New York, Aug 4 (IANS): US researchers have devised an entirely new approach to vaccines - creating immunity against the dengue virus without vaccination.
The study demonstrated that animals injected with synthetic DNA engineered to encode a specific neutralising antibody against the dengue virus were capable of producing the exact antibodies necessary to protect against the disease, without the need for standard antigen-based vaccination.
Importantly, this approach, termed DMAb, was rapid, protecting animals within a week of administration, the study noted.
"We can produce a synthetic immune response by encoding an antibody and delivering it as a non-live, non-viral, non-permanent antibody," said senior study author David Weiner, professor at Perelman School of Medicine at the University of Pennsylvania in Philadelphia, US.
Dengue virus is one of the most important mosquito-borne viral infections in humans.
The geographical reach of dengue has expanded to include over 100 countries, resulting in a significant health and economic burden worldwide.
Although vaccines are being developed to fight dengue virus, none are currently available that provide balanced protection against all four dengue viral strains or serotypes.

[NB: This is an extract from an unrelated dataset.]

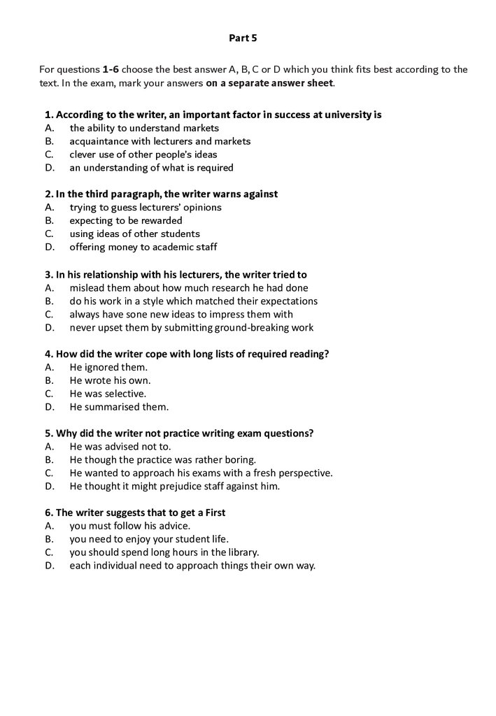 Part 5For questions 1-6 choose the best answer A, B, C or D which you think fits best according to the

Patients who are infected with one serotype develop protective immunity against that serotype alone - however, this immunity oddly leaves patients vulnerable to severe disease if future infections are caused by a different serotype.
In the current study, the DNA used to encode the neutralising antibodies against dengue virus was altered to produce a neutralising antibody that does not bind to cell receptors, effectively eliminating the chance for dengue infection to lead to enhanced, lethal disease.
The study was published in the journal Scientific Reports.